The Covid pause was welcome but is now over.

“The biggest issue now is waste from the hut toilets. Our helicopter budget is used up taking out waste and yet we are looking at putting more toilets up there. We have plans for a new, 38-bunk hut (the present hut has 16 bunks). That was part of the funding package and is currently in the design process.”

The new hut raises questions for Rogers. “Should we be encouraging even more people? In fact, could we move away from having any huts in this park? Nothing is very far from a road end,” he muses.

“Provincial Growth funding is about regional economics, attracting people and their money to Taranaki. But is this something we should be doing in our conservation role? Personally, I would have been very happy with the same size hut.”

The visitor environment has changed, he says. “Our population has changed and a lot of park users now are not outdoor people like the traditional Kiwi tramper. Many have a lot to learn. We also have overseas visitors who get caught out. They don’t understand what rainfall of seven to ten metres a year looks like. Yet they are here and are as entitled as anyone to participate in and benefit from the park.

“We want people to gain appreciation for this place and have enjoyable, memorable and safe experiences, so we put out a lot of information about safety. Some Kiwi trampers think this is overdone but we have to do it.

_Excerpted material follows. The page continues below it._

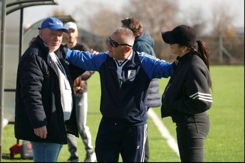 3) Ο συνεργάτης του προπονητή της Μικτής ομάδας της ΕΠΣ Πιερίας κ. Μχωλού Ευριπίδης Γκούμας στο μέσον με το μέλος της εκτελεστικής το της ΕΠΣ Πιερίας Γιώργο Καρανικόλα και την Παρατηρητή αγώνα κ. Σοφία Τσιλίκη .

“Taranaki Maunga is dynamic. We’re trying to manage risks to people; we cannot manage the mountain.”

Rogers feels close to retirement. Whether or not he’s working on the maunga, chances are you’ll find him up there in the subalpine zone. When I ask if he has a favourite spot on the maunga, he smiles.

“Anywhere in the herb fields above the shrub line. I love the smell of the herbs, the khaki colours, the carpet matting, and I love it when the plants are flowering. I could sit up there all day.”